**Exercise goal:** Beginning with the line that holds "युवक चकमार्ग पटाई" and finishing with the line that holds "Идеальные блины с маскарпоне и клубникой", repeat the listing exactly, leaving every picture out.

***** Given data

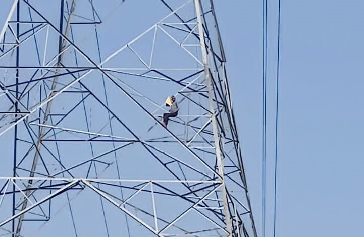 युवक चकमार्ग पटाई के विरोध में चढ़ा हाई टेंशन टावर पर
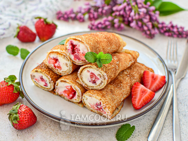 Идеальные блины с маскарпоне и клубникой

**********
***** Given data

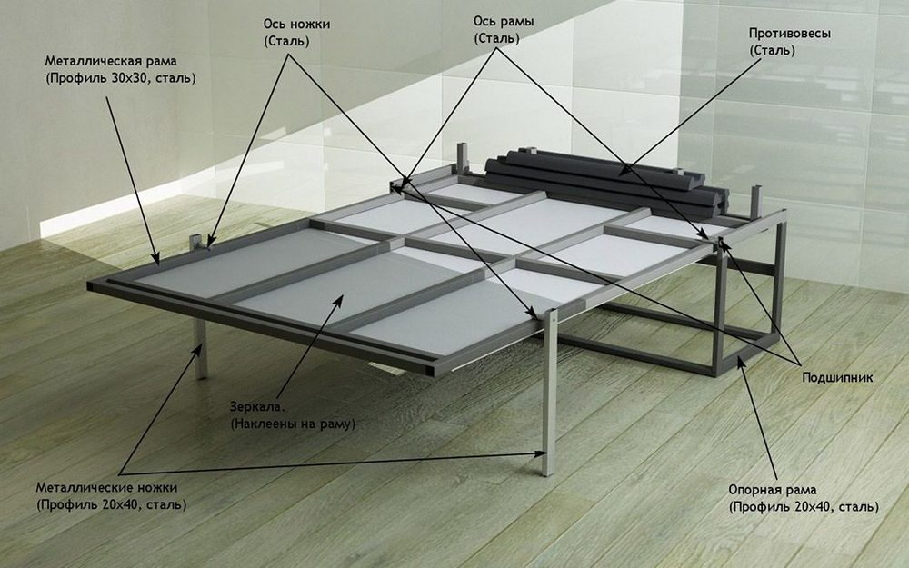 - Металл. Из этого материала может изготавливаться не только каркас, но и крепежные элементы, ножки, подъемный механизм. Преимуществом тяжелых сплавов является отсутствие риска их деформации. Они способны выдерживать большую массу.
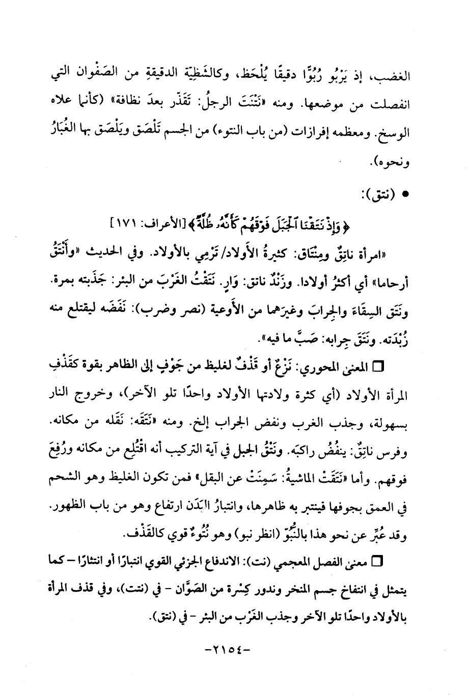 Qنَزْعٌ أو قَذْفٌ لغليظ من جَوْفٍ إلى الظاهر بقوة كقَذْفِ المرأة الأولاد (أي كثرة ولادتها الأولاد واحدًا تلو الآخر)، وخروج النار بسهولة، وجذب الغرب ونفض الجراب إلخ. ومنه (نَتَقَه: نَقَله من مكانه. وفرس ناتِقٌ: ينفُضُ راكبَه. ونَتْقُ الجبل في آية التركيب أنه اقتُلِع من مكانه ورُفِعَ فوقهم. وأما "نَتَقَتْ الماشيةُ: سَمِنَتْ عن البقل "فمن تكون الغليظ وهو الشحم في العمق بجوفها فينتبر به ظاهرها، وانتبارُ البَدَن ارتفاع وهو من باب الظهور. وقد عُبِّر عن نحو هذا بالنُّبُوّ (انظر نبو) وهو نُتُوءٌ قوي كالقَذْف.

**********

**Answer box:**
 युवक चकमार्ग पटाई के विरोध में चढ़ा हाई टेंशन टावर पर
 Идеальные блины с маскарпоне и клубникой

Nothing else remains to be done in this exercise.